The Dutch LFS is a monthly household survey using a rotating panel with five waves at quarterly intervals. The LFS is based on an address sample using a two-stage design in which the first stage consists of municipalities and the second consists of addresses. A stratified simple random sample is drawn based on the household age, ethnicity and registered unemployment composition. All households, to a maximum of eight, that are residents at the address are invited to participate. Within each household, all members of 15 years and older are eligible; they form the potential labor force population. The LFS contains a variety of topics, from employment status, profession and working hours to educational level, but the main survey statistic is the unemployment rate.
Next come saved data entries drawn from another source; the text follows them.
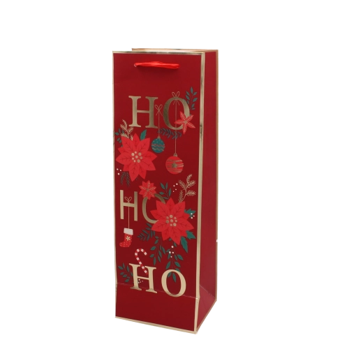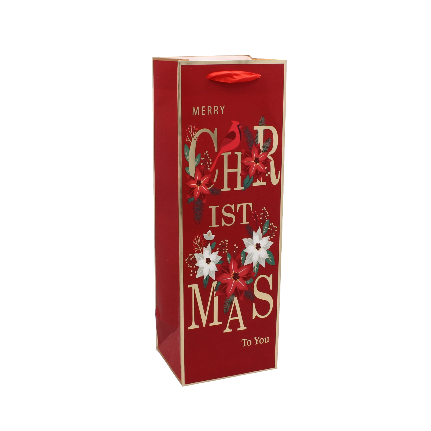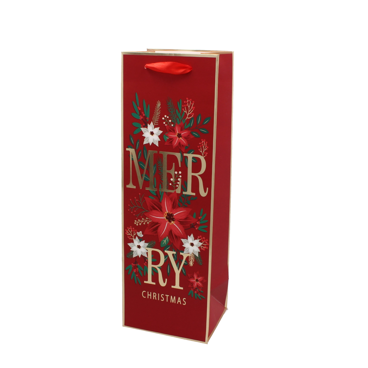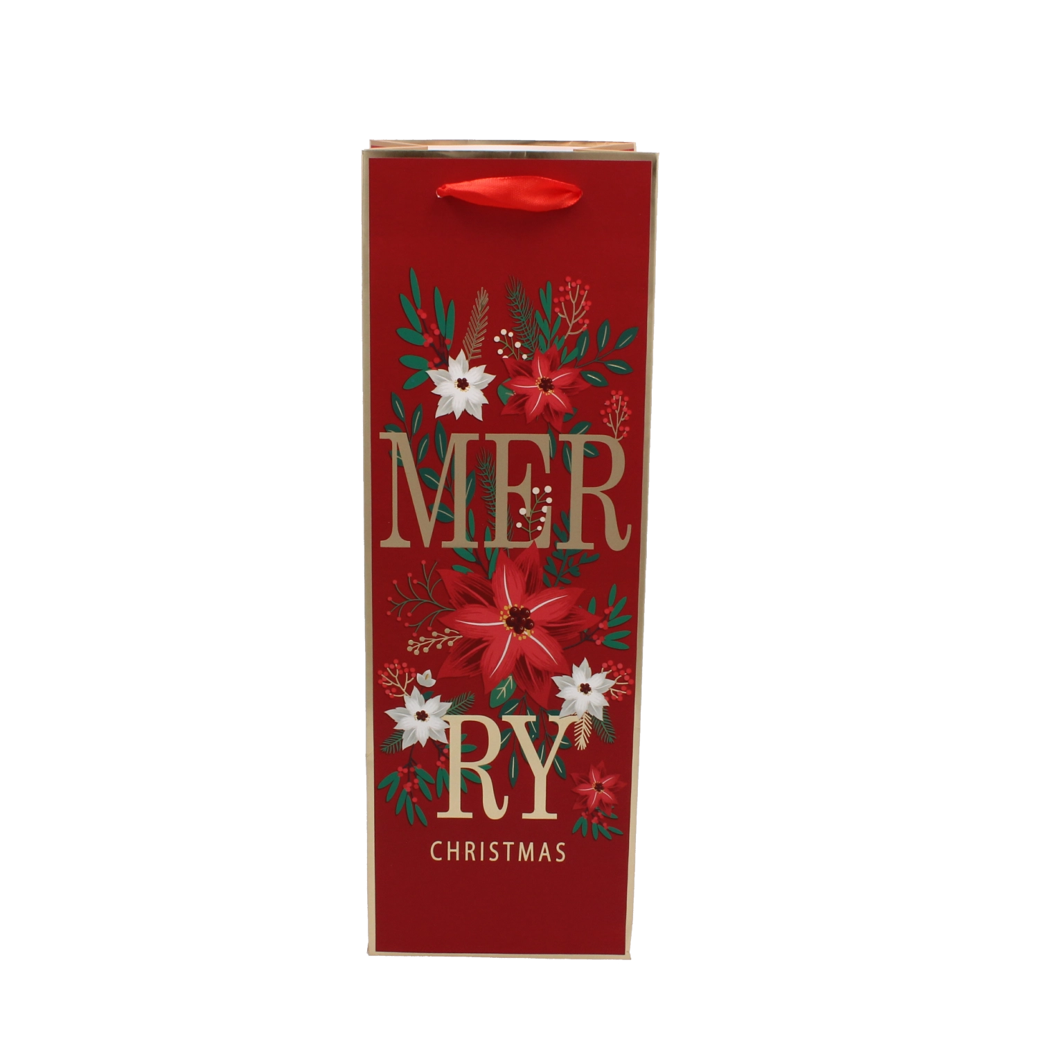 Darčekové tašky na víno Christmas to You potešia elegantným vzhľadom a pevnou konštrukciou. Sviatočné červené motívy s kvetmi, zlatými nápismi a decentnými detailmi podčiarknu atmosféru Vianoc. Rozmery 36 × 12 × 10 cm sú ideálne pre väčšinu fliaš vína, šumivých vín aj ďalších úzkych darčekov.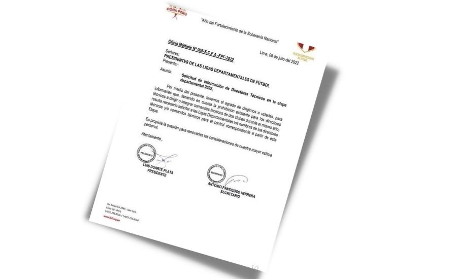 Mediante el Oficio Circular N° 006-SCFA-FPF-2022, emitido el 8/Jul./22, expresa que: “Teniendo en cuenta la prohibición existente para los directores técnicos para dirigir o integrar comandos técnicos de dos clubes o más en el mismo año, resulta necesario solicitar a las ligas departamentales, los nombres de los directores técnicos y/o comandos técnicos, para el control correspondiente a partir de esta etapa”.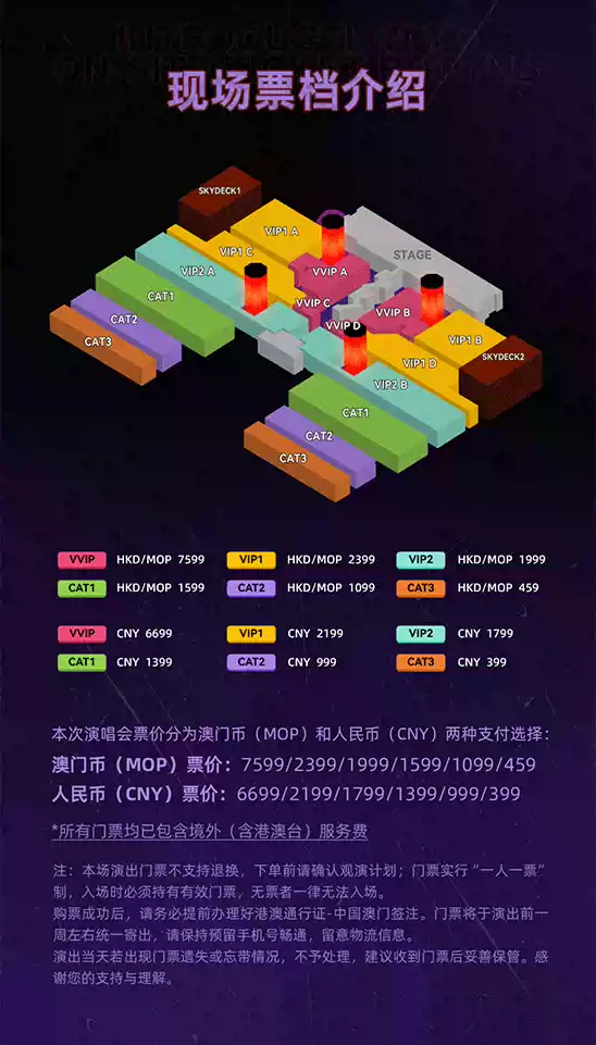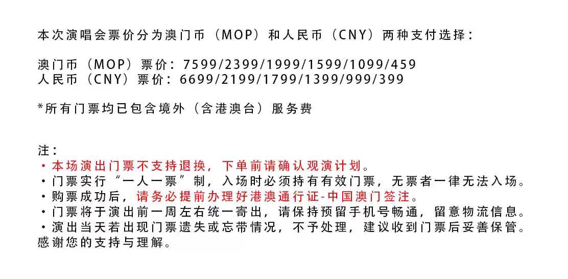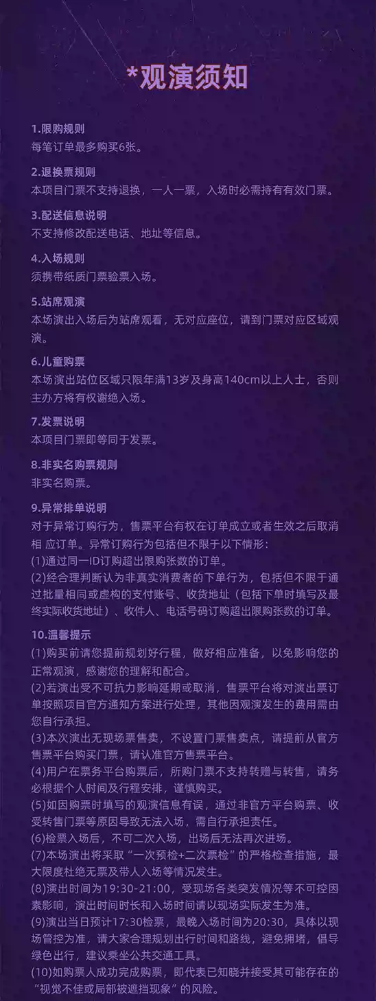 1.演出票品为特殊商品,除不可抗力因素导致演出取消外,订单不支持退换,可在平台转售; 2.演出详情仅供参考,具体以主办方公布信息及现场为准,请准时到场以免错过演出; 3.有票官方确保售出票品真实有效,请放心购买; 4.根据演出火爆情况,有票平台可能会将您所选的快递送票、上门自取等取票方式调整为现场取票,敬请谅解; 5.平台会尽力促使卖家履行交易协议,如果卖家付票过程中发生问题,本平台可协调相同或更高票挡的票品代替,否则平台将全额退款并按订单上约定的赔付方式与金额向用户进行赔付; 6.为了安全起见需要本人签收,演出快递票均为快递费到付(不包邮),请知晓!

Up to 2010, the LFS consisted of a face-to-face first wave and telephone subsequent waves. For various reasons, costs being the most important, the first wave went through a major redesign. The other waves were left unchanged, except for a few relatively small changes to the questionnaires. The redesign consisted of two phases: First, telephone was added as a survey mode, and, second, also Web was added as a survey mode. In the first phase, the face-to-face first wave was replaced by a concurrent mode design where all households with at least one listed/registered phone number were assigned to telephone and all other households to face-to-face. The listed phone numbers consist of both landline and mobile phone numbers that can be bought from commercial vendors. In the second phase, the telephone and face-to-face concurrent design was preceded by a Web invitation, resulting in a mix of a sequential and a concurrent design. All households were sent an invitation to participate through an on-line questionnaire. Nonresponding households were approached by telephone if a listed number was available and otherwise by face-to-face. The first phase was performed during 2010 and the second phase during 2012. In both years large parallel samples were drawn in order to assess method effects between the designs on the unemployment rate. The 2010 parallel run compared the old design to the intermediate concurrent design and the 2012 parallel run compared the intermediate design to the final design with all three modes.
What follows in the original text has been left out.